About this task
Scan the records below for the line containing "http://www.asa" and the line containing "XINJIANG, enero 1, 2019". Copy both, plus every line between, exactly.

*** Input records ***

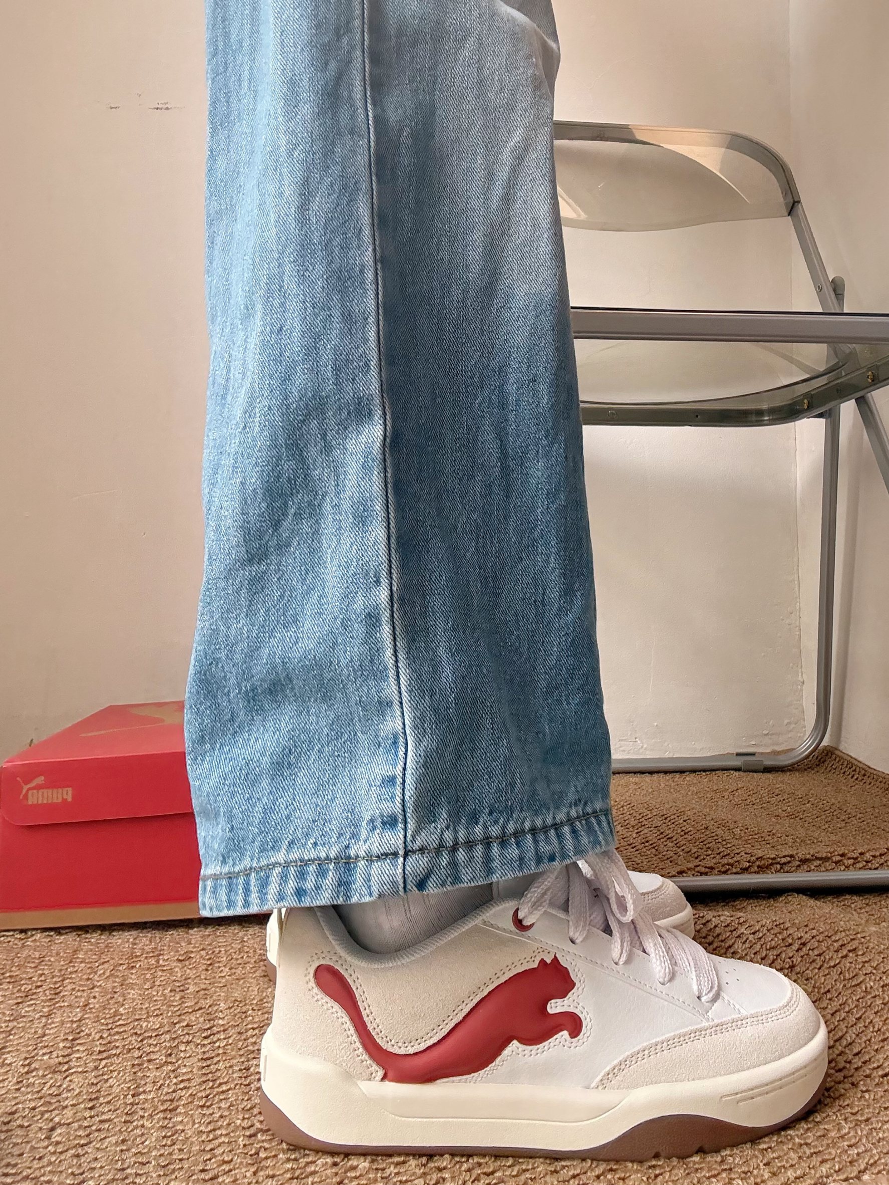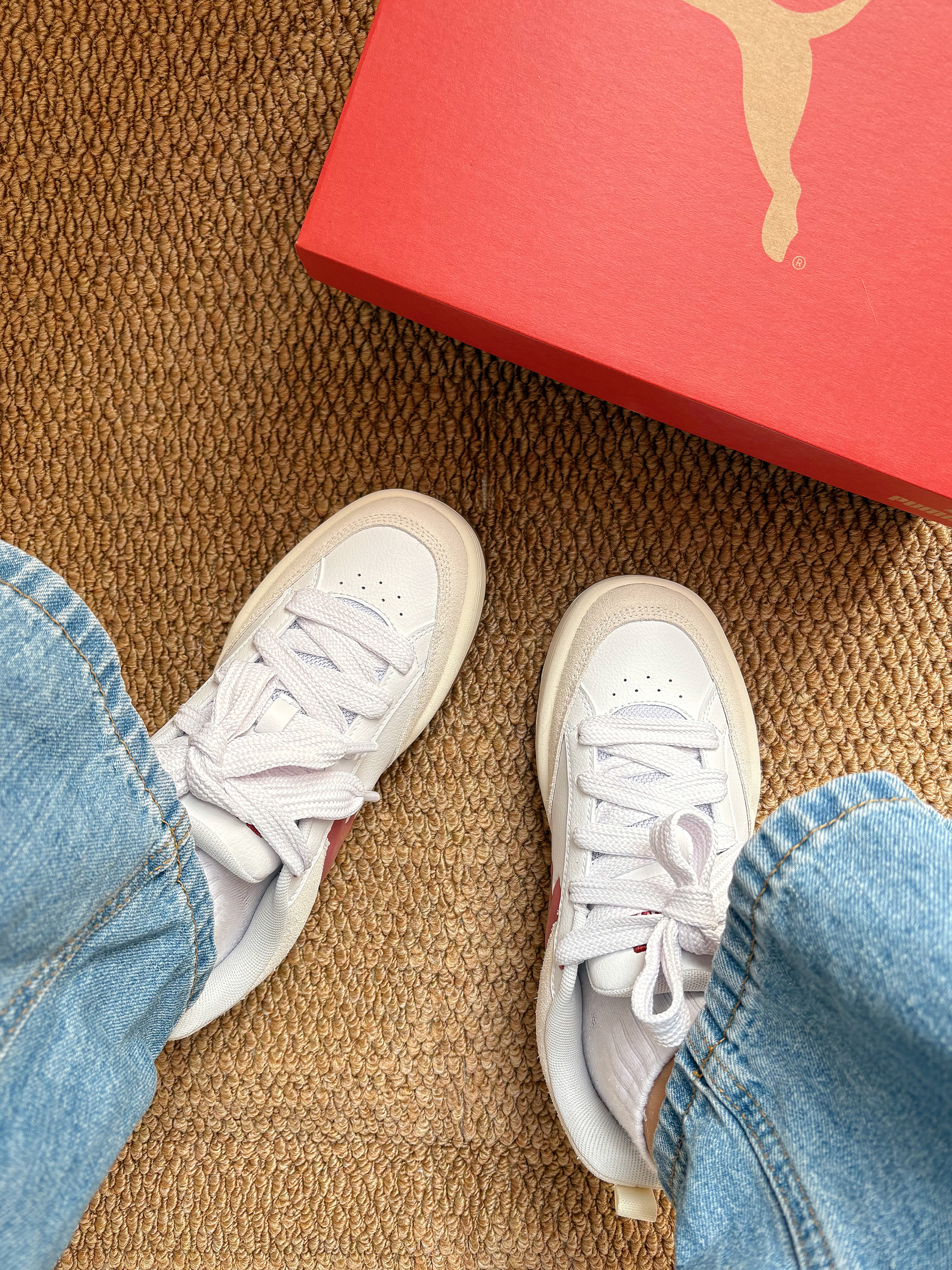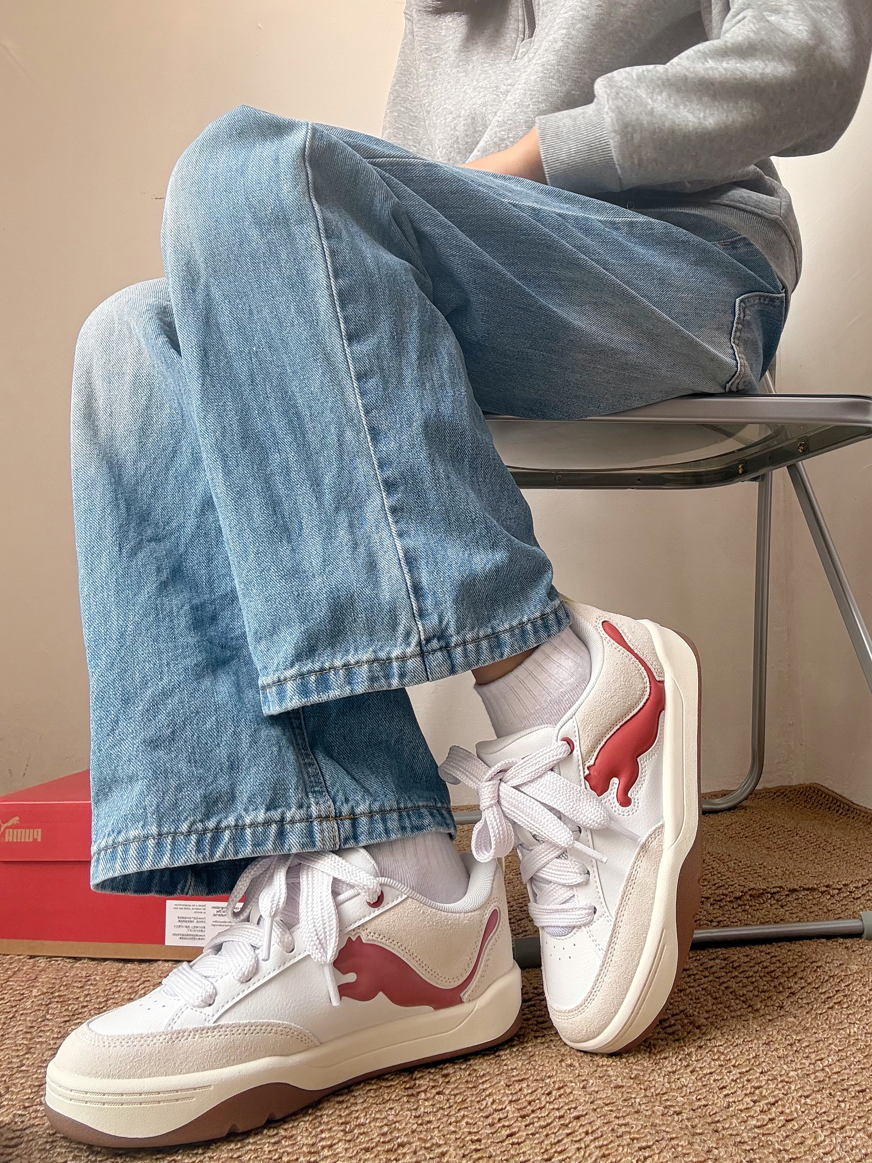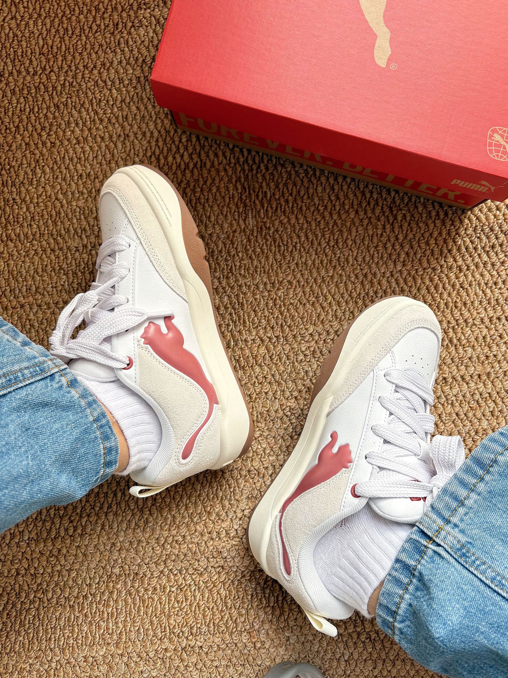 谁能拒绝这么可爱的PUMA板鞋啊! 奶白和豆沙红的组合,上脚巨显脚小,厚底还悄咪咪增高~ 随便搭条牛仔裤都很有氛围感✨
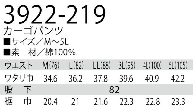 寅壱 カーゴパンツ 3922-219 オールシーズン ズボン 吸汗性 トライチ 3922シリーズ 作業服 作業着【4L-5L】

*** End of Input records ***
*** Input records ***

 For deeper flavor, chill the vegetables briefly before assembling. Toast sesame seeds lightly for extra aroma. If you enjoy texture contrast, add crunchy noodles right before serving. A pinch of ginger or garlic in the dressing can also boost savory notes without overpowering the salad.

*** End of Input records ***
*** Input records ***

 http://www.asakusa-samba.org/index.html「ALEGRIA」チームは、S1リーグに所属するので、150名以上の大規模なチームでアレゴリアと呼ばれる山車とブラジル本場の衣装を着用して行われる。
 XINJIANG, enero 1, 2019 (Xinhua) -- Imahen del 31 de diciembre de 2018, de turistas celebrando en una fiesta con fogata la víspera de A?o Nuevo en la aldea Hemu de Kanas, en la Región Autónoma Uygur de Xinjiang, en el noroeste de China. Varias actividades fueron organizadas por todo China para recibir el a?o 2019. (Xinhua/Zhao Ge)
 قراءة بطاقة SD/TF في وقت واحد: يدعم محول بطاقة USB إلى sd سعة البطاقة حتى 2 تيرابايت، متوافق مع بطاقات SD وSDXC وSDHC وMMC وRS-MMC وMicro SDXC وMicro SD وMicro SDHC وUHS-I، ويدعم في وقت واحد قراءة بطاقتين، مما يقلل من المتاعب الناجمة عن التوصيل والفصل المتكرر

*** End of Input records ***

Solution to this task
 http://www.asakusa-samba.org/index.html「ALEGRIA」チームは、S1リーグに所属するので、150名以上の大規模なチームでアレゴリアと呼ばれる山車とブラジル本場の衣装を着用して行われる。
 XINJIANG, enero 1, 2019 (Xinhua) -- Imahen del 31 de diciembre de 2018, de turistas celebrando en una fiesta con fogata la víspera de A?o Nuevo en la aldea Hemu de Kanas, en la Región Autónoma Uygur de Xinjiang, en el noroeste de China. Varias actividades fueron organizadas por todo China para recibir el a?o 2019. (Xinhua/Zhao Ge)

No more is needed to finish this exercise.